We need ~304 participants per group

Work hours and education

Work hours and education. The General Social Survey collects data on demographics, education, and work, among many other characteristics of US residents.47 Using ANOVA, we can consider educational attainment levels for all 1,172 respondents at once. Below are the distributions of hours worked by educational attainment and relevant summary statistics that will be helpful in carrying out this analysis.

  1. Write hypotheses for evaluating whether the average number of hours worked varies across the five groups.

\(H_{0}\)=: The work hours is the same within each group - any observed differences are due to chance

\(H_{A}\): The work hours DO vary across groups

  1. Check conditions and describe any assumptions you must make to proceed with the test.

Groups are independent

Within Groups are approximately normal

Variance across groups is similar

  1. Below is part of the output associated with this test.

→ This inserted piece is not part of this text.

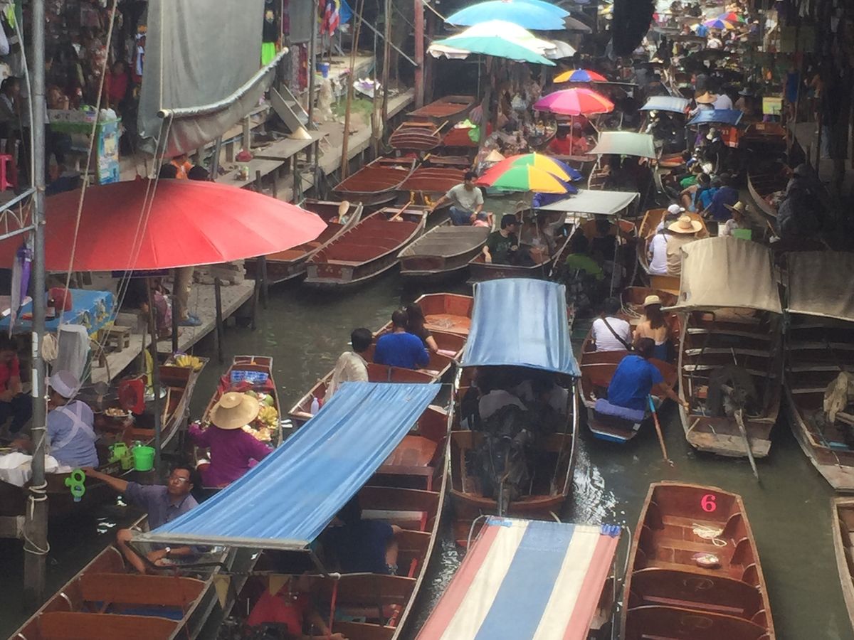 水上マーケットと象乗りを効率よく体験できました。水上マーケットは手漕ぎボートに追加代金を払って乗れるのですが、エンジン付きボートが近くを通ると排気ガスの臭いがきついので敏感な方は注意して下さい。ボートの上で買ったココナッツアイスは美味しかったです。

Fill in the empty cells.
aov_out <- aov(hrs1 ~ degree,data=gss)
summary(aov_out)
##               Df Sum Sq Mean Sq F value Pr(>F)  
## degree         4   2006   501.5   2.189 0.0682 .
## Residuals   1167 267382   229.1                 
## ---
## Signif. codes:  0 '***' 0.001 '**' 0.01 '*' 0.05 '.' 0.1 ' ' 1
## 872 observations deleted due to missingness
  1. What is the conclusion of the test?

The p-value is 0.0682, so at 95% (\(\alpha=0.05\)), we cannot rule out chance and accept the null hypothesis. Note that 0.06832 is very close to 0.05. If we only cared about 90% confidence, then we might reject the null hypothesis and accept the alternative that they are different. It come down to what tolerance of error we are willing to accept.